"Therefore, since Christ suffered in his body, arm yourselves also with the same attitude, because he who has suffered in his body is done with sin. As a result, he does not live the rest of his earthly life for evil human desires, but rather for the will of God."
1 Peter 4: 1-2
EVER since chapter 2: 11 Peter has been dealing with the sort of lives we as redeemed and born again believers should live. Because we are now in Christ a chosen people, a royal priesthood, a holy nation, a people belonging to God, we must declare the praises of him who has called us out of darkness into his wonderful light (1 Peter 2: 9). Peter has dealt with how this is done in our relationship with authorities, and with the relationship of marriage, and with how we should live as Christians in everyday life. He now deals with how we face the particular experience which is peculiar to all disciples of Jesus.

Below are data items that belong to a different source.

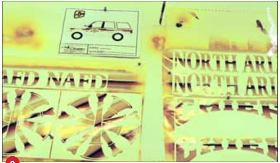
9 I usually like to wait only about 15 to 20 minutes before I weed out the vinyl. Remember if you wait too long, you run the risk of the paint drying over the cut lines and tearing up the lettering. Never weed the vinyl before all the airbrushing is finished! If you do, the liner will be full of the paint and when you apply the transfer tape it will pick up the paint and put it on the surface of the vehicle or sign. You can see the sketch that I used to sell the job at the top of the photo.
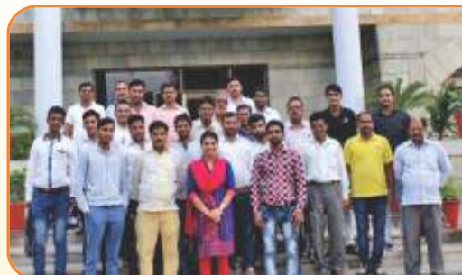
Participants from the program on 'My Environment My Role'

RTC Nimbahera conducted 11 training programs for 213 participants in the month of September, which included 6 Technical and 4 Management programs. The participants belonged to different companies such as Nirma Cement, JK Lakshmi Cement, Gujrat Cement Works and Birla Cement Works.
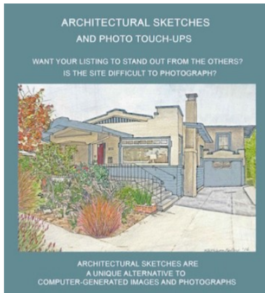
Kathleen Kelley | Architectural Sketches VIEW FLYER | WEBSITE
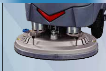
UP TO 200LB OF PAD PRESSURE

Downtime is wasted time. Money spent on replacement parts takes away from your bottom line. At ICE, we understand that you use our machines as hard as possible to do your job, and we recognize that sometimes maintenance is a necessity. That's why our auto scrubbers and cord electric equipment come with a 5 year warranty . We have faith that we put out the best equipment possible, but if anything happens, we're here for you.
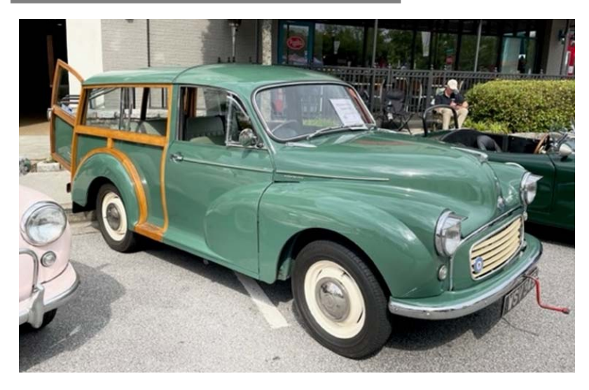
For the Road Less Traveler'd
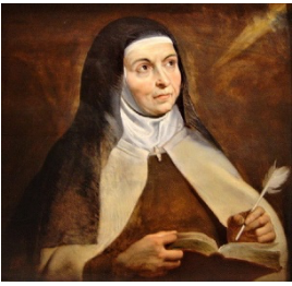
OHM Teresa of Ávila
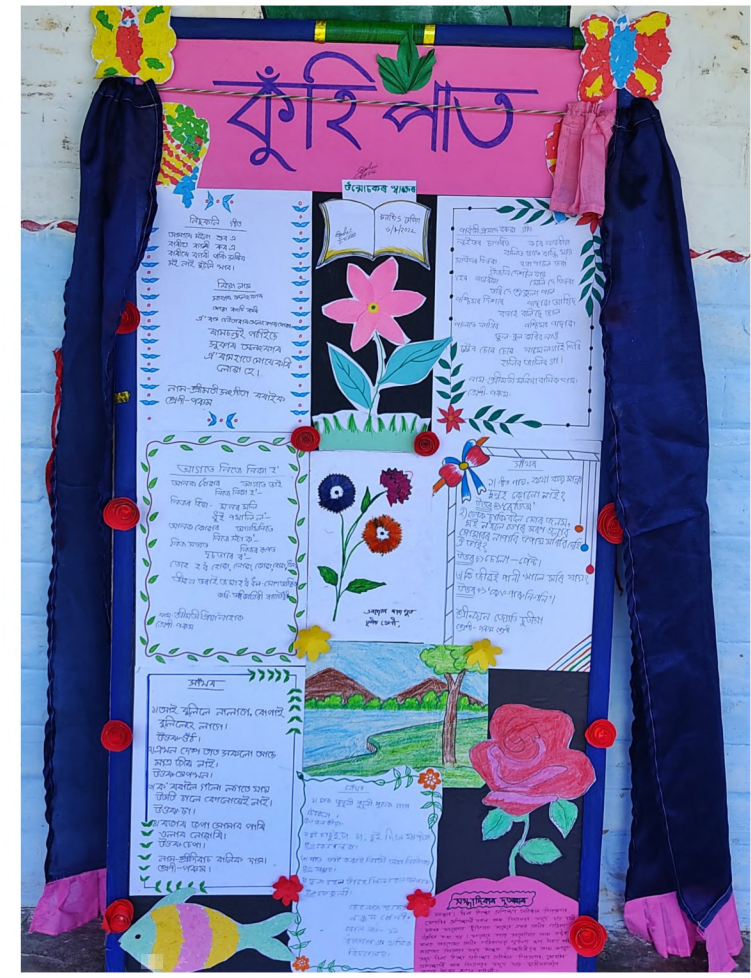
WALL MAGAZINE DISPLAYING THE POTENTIAL OF STUDENTS
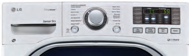
Full Size All-in-One Washer and Dryer
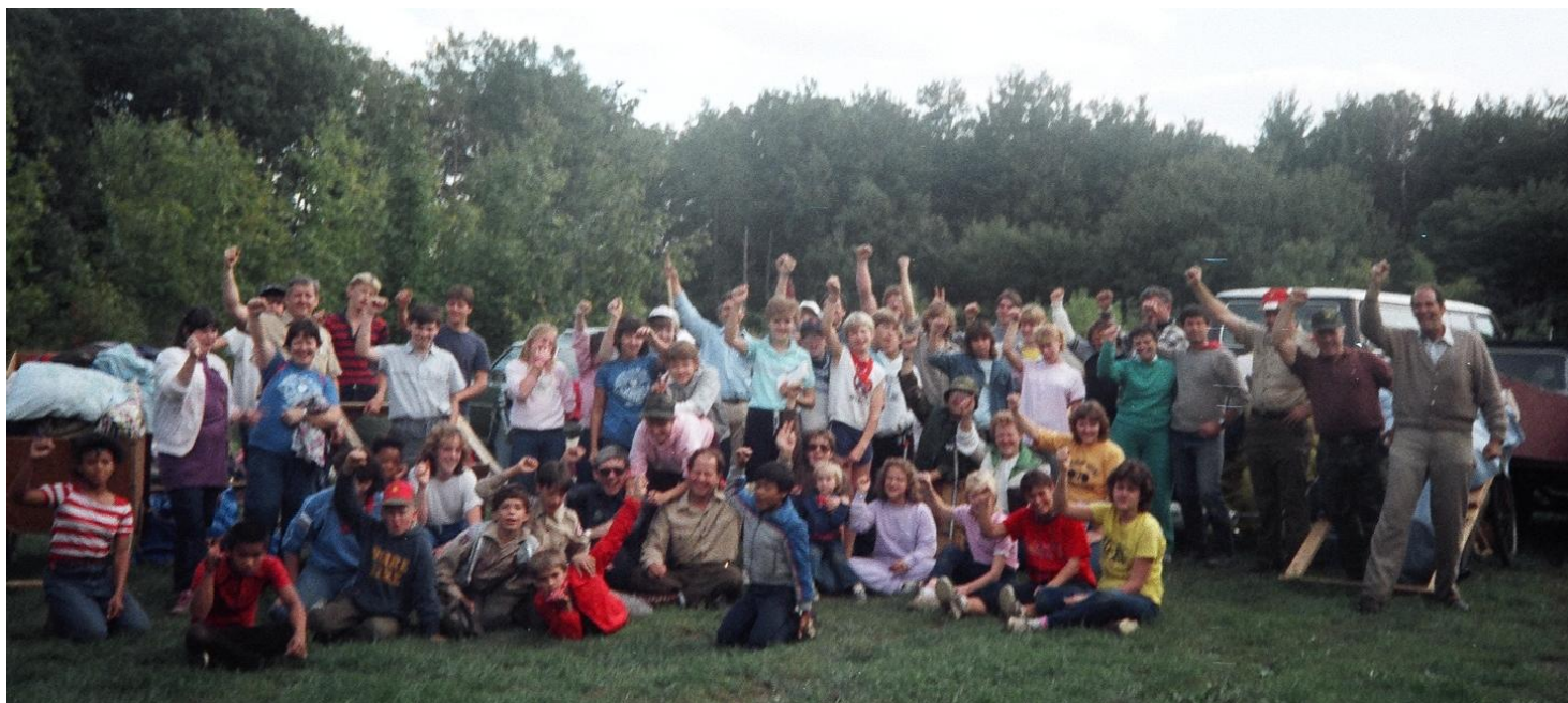
WE DID IT !!
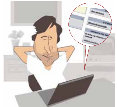
After dinner, he starts to read the newspaper articles uploaded by the other students in the work group and to do the assignment.
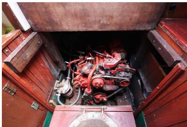
Hillyard 4 ton engine
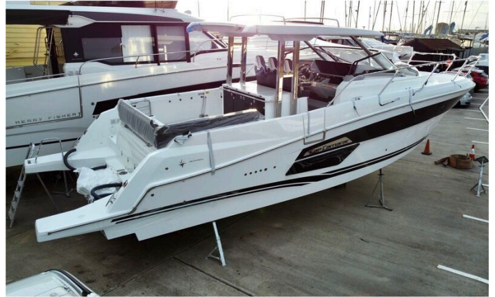
Jeanneau Cap Camarat 12.5 WA - starboard side
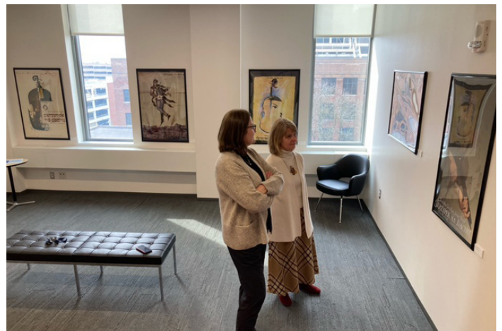
CCPS Exhibition “Fiddler on the Roof: A Story Told on Polish Posters”

The question we need to ask ourselves as we seek to study these two verses before us is as to exactly what Peter is referring to when he speaks of Christ suffering in his body. Unless we understand what Peter is referring to we shall not be able to understand his call that we should 'have the same attitude' as Jesus.

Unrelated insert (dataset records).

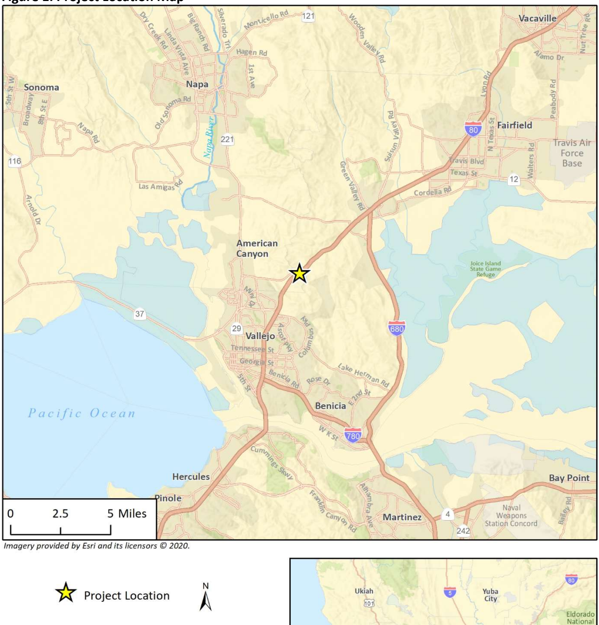
Figure 1. Project Location Map
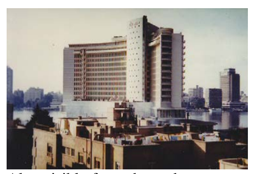
Also visible from the embassy was the Sheraton Hotel our abode for the night.
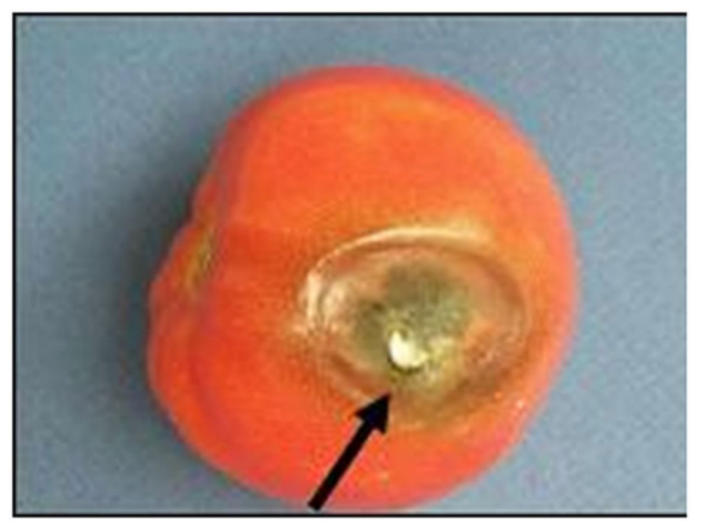
Figure 9. A fruit with a fingernail wound (arrow) that later developed into black mold rot.

Black mold rot often appears on the shoulders, by the stem scar, or on the blossom end of fruit that have been injured by chilling, calcium deficiency, sun exposure, climatic factors that cause fruit cracking (e.g., high temperatures and high rainfall), pesticide phytotoxicity or imperfectly closed blossom-end pores (catfacing), and, perhaps, harvests during cold weather. Several different pathogens may cause black mold rots including Alternaria arborescens, Stemphyllium botryosum, or S. consortiale. Lesions are initially sunken or flattened areas associated with a crack or other injury that quickly become covered with a dark brown to black mold (Figure 9). Internal lesions may develop from an infected stylar pore or vascular strand connected to the stem scar (Figure 10). In particular, dry locular cavities that have lost their gel due to a severe internal bruise (Figure 11) are likely to develop internal blackspot. This disease usually does not spread from fruit to fruit in boxes. Green fruit are quite resistant unless exposed to chilling temperatures, blossom-end rot or damage by certain spray mixtures.

Christ indeed suffered in his body. He suffered in his body when he was condemned to death on the cross. However it is impossible for us to have the same attitude as Jesus in this respect because this suffering was uniquely his in his saving work to atone for our sins. He only could pay the price of sin which he did in the place of us who have sinned, as God laid on Jesus the iniquity of our sins (Isaiah 53: 6). Jesus suffered in his body to atone for our sins, and this is why he took human nature in order to suffer in our place.
As Peter tells us here that we must have 'the same attitude' as Jesus when he suffered in his body, the words of Peter here can not refer to his death.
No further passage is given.